BRIEFS
Aurizon has boosted its dividend as it steps up cost cutting to offset lower growth rates for coal demand in Asia over the longer term. Australia's largest listed rail company posted a 1 per cent rise in full-year net profit to $447 million after booking the cost of 960 redundancies. More are expected in the year ahead. The company will pay a final dividend of 8.2¢ a share on September 23, up from 4.6¢ a year earlier.
Dexus dips
Dexus Property chief executive Darren Steinberg reported a fall of 0.7 per cent in profit to $365.4 million for the year to June 30, with a 12.1 per cent rise in annual distributions from 5.35¢ to 6¢. That payout included contributions from the group's unlisted trusts. Despite a weaker office market outlook, Mr Steinberg forecast earnings per security of 8.15¢, representing growth of 5.2 per cent.

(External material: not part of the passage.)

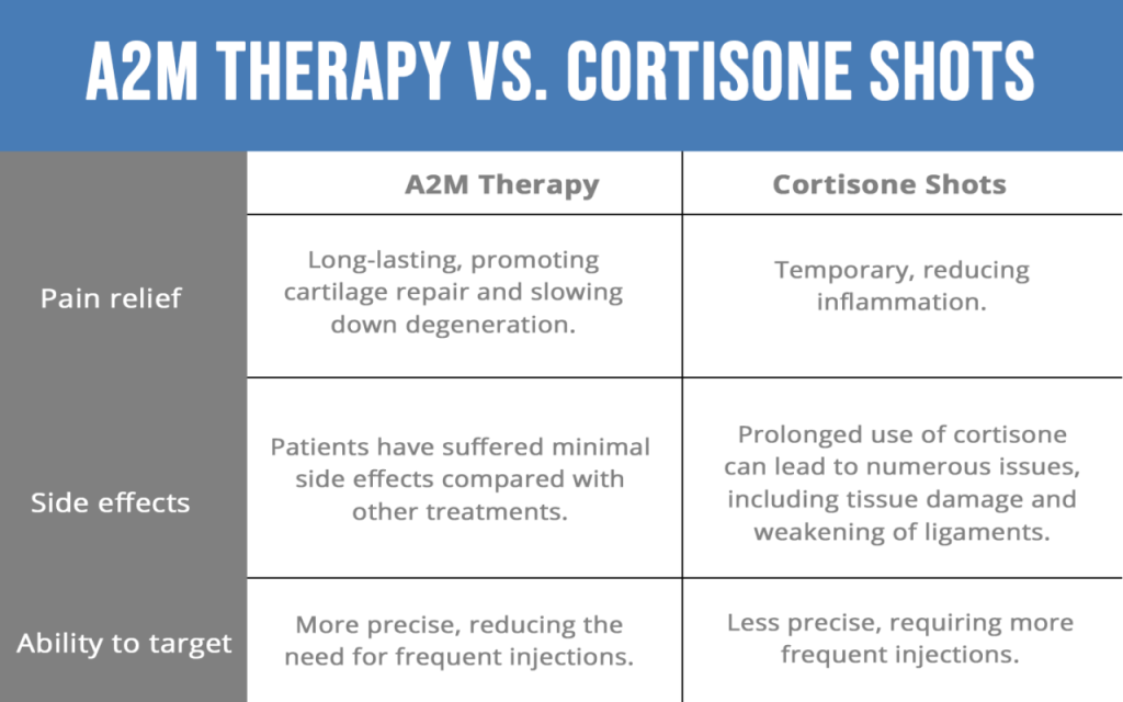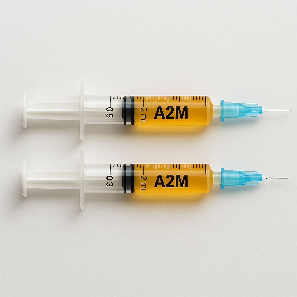What it is: Alpha-2-Macroglobulin (A2M) is a powerful, naturally occurring protein in your blood that works as a protease inhibitor—meaning it binds to and neutralizes the enzymes responsible for breaking down cartilage. This treatment involves drawing the patient’s own blood, isolating the A2M, and using it therapeutically to help protect and preserve joint health.

On the group's option over a 14.9 per cent stake in rival Commonwealth Property Office Fund, he said Dexus had no intention of making a takeover offer for CPA.
Challenger boom
Net profit has almost tripled at retirement funds company Challenger amid growing demand for annuities from baby boomers. Challenger on Monday recorded a net profit of $417 million for the latest year, with normalised profit up a more modest 4 per cent to $308.5 million. The company said it had received record flows into its annuities and funds management businesses, with total assets under management rising 34 per cent to $44.8 billion.

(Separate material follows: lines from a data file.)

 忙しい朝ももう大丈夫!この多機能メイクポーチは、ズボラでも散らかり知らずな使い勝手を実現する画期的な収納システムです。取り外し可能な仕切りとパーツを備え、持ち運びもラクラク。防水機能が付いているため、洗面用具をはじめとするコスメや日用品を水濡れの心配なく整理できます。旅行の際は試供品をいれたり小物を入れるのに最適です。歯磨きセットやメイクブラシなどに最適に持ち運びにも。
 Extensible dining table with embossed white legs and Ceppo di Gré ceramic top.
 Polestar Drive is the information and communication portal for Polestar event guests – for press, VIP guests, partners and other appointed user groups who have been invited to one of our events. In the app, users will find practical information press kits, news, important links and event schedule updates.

Frequently Asked Questions about this Article…
Aurizon reported a 1% rise in full-year net profit to $447 million and announced a higher final dividend of 8.2¢ per share payable on September 23, up from 4.6¢ a year earlier.
Aurizon is accelerating cost cutting and has booked the cost of 960 redundancies because it expects lower long-term growth in coal demand from Asia, and more redundancies are expected in the year ahead.
Income investors may welcome the bigger final dividend, but it comes alongside modest profit growth and a company-wide restructuring. Consider the dividend boost together with Aurizon's cost-cutting measures and long-term outlook for coal demand.
Dexus reported a 0.7% fall in profit to $365.4 million for the year to June 30, while annual distributions rose 12.1% from 5.35¢ to 6¢ per security, with that payout including contributions from the group's unlisted trusts.
Dexus forecast earnings per security of 8.15¢, representing growth of 5.2% despite a weaker office market outlook. The group holds an option over a 14.9% stake in Commonwealth Property Office Fund (CPA) but said it has no intention of making a takeover offer for CPA.
Challenger's net profit almost tripled to $417 million, driven by record flows into its annuities and funds management businesses. Normalised profit rose 4% to $308.5 million, and total assets under management increased 34% to $44.8 billion.
Challenger’s 34% AUM increase to $44.8 billion reflects strong demand for annuities and funds management. For investors, higher AUM can translate into more fee revenue and scale benefits, which supported the company’s improved profits.
Investors should watch sector-specific risks noted in the article: Aurizon faces long-term lower coal demand from Asia and is undergoing redundancies; Dexus is dealing with a weaker office market despite higher distributions; Challenger’s performance depends on continued strong flows into annuities and funds management.